__Aim of the task__
Could you write out the listing below exactly as it stands, leaving out the pictures?

__Collected data__
((

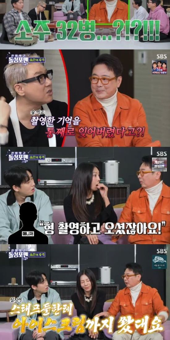 이어 이상민은 "그런데 술을 마시고 촬영을 한 기억을 잊었던 적이 있다던데?"라면서 놀랐고, 윤다훈은 "아침 6시 촬영이었는데 전날 술자리가 늦어진거다"라고 회상했다.
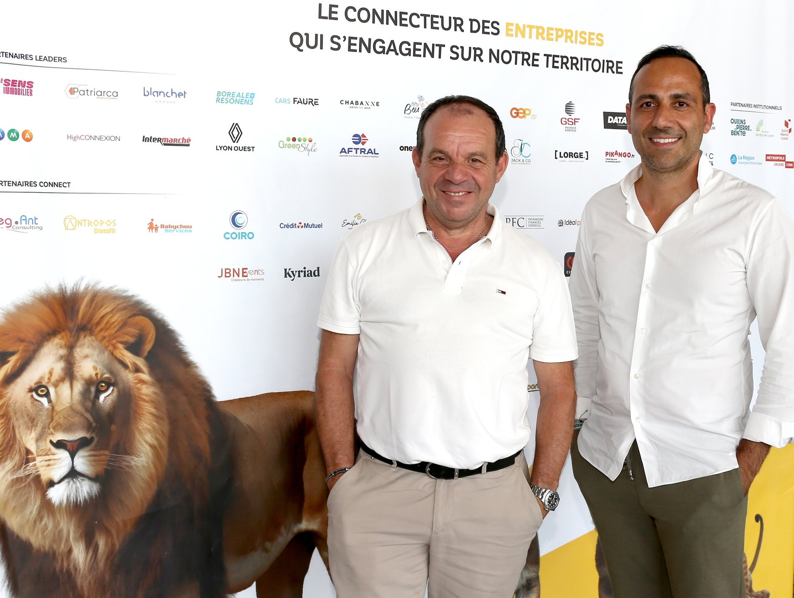 Un trio bien bronzé : Guillaume Guttin (à d.) avec Bruno Laurent et un lion très symbolique. © JJG
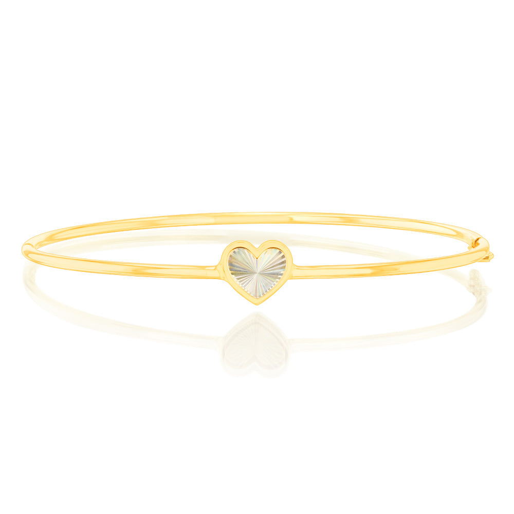 9ct Yellow Gold Rainbow Heart Hinged Bangle

))

__Response to the task__
 이어 이상민은 "그런데 술을 마시고 촬영을 한 기억을 잊었던 적이 있다던데?"라면서 놀랐고, 윤다훈은 "아침 6시 촬영이었는데 전날 술자리가 늦어진거다"라고 회상했다.
 Un trio bien bronzé : Guillaume Guttin (à d.) avec Bruno Laurent et un lion très symbolique. © JJG
 9ct Yellow Gold Rainbow Heart Hinged Bangle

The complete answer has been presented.